TASK GOAL: Give back exactly the stretch of data below from the line holding "انتخابات اعضای هیئت" through the line holding "ママスーツ パンツスーツ セットアップ", both ends included, and leave the remaining lines out.

LISTED ENTRIES:
* * * *

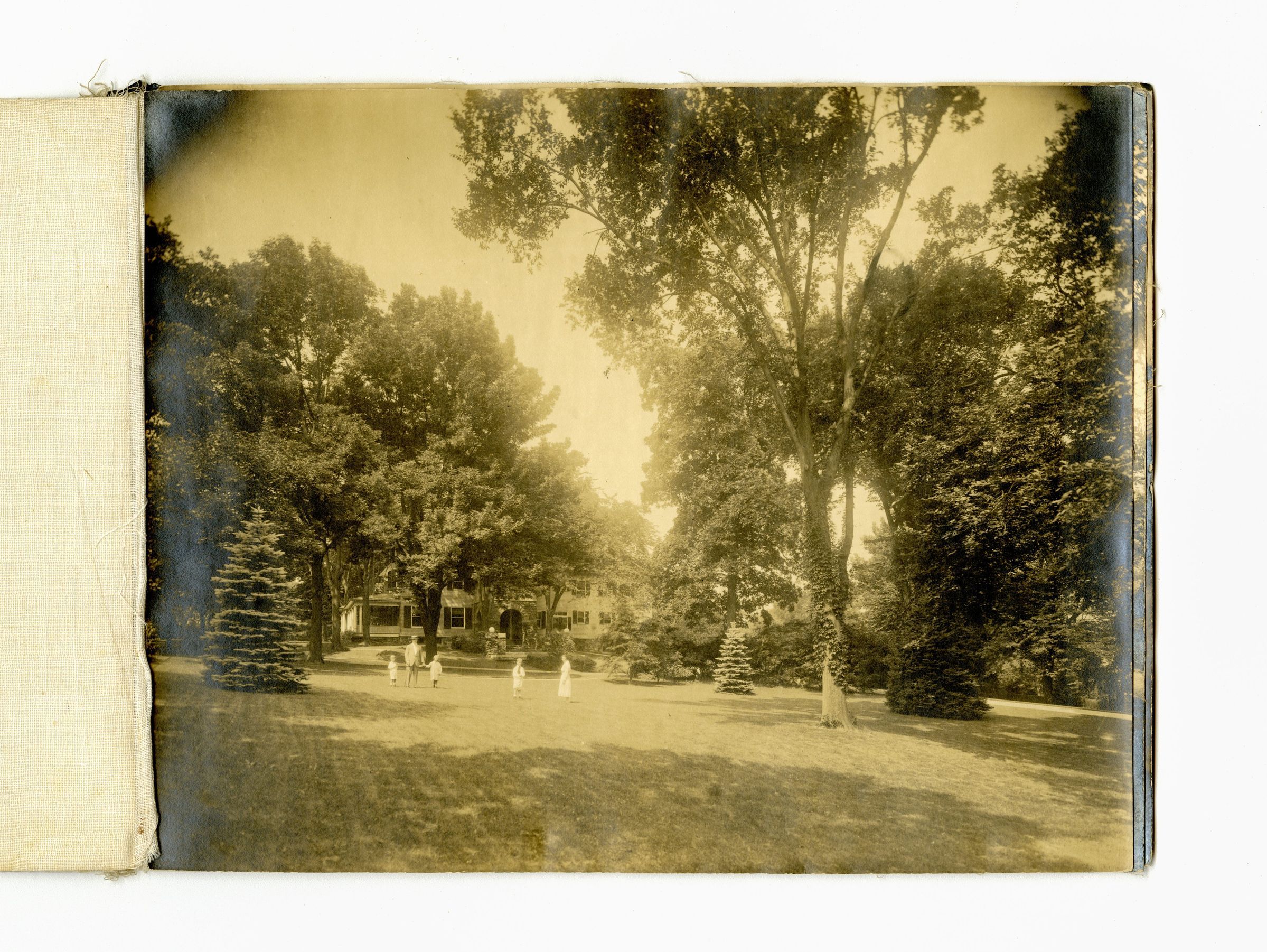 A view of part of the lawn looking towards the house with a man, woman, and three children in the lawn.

* * * *

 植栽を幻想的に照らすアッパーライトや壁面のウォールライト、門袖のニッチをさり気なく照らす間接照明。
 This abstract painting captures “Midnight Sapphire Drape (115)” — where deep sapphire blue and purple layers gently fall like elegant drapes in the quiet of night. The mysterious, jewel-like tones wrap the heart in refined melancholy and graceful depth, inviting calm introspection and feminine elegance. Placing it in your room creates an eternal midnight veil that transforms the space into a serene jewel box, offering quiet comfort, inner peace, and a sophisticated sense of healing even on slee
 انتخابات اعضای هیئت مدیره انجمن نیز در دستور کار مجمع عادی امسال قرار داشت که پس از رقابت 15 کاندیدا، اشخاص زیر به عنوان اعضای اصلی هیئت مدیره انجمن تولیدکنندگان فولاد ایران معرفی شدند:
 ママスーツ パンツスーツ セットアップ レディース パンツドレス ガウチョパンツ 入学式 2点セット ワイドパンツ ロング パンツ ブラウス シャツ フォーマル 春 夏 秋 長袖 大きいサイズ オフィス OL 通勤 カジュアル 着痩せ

* * * *

PROBLEM SOLUTION:
 انتخابات اعضای هیئت مدیره انجمن نیز در دستور کار مجمع عادی امسال قرار داشت که پس از رقابت 15 کاندیدا، اشخاص زیر به عنوان اعضای اصلی هیئت مدیره انجمن تولیدکنندگان فولاد ایران معرفی شدند:
 ママスーツ パンツスーツ セットアップ レディース パンツドレス ガウチョパンツ 入学式 2点セット ワイドパンツ ロング パンツ ブラウス シャツ フォーマル 春 夏 秋 長袖 大きいサイズ オフィス OL 通勤 カジュアル 着痩せ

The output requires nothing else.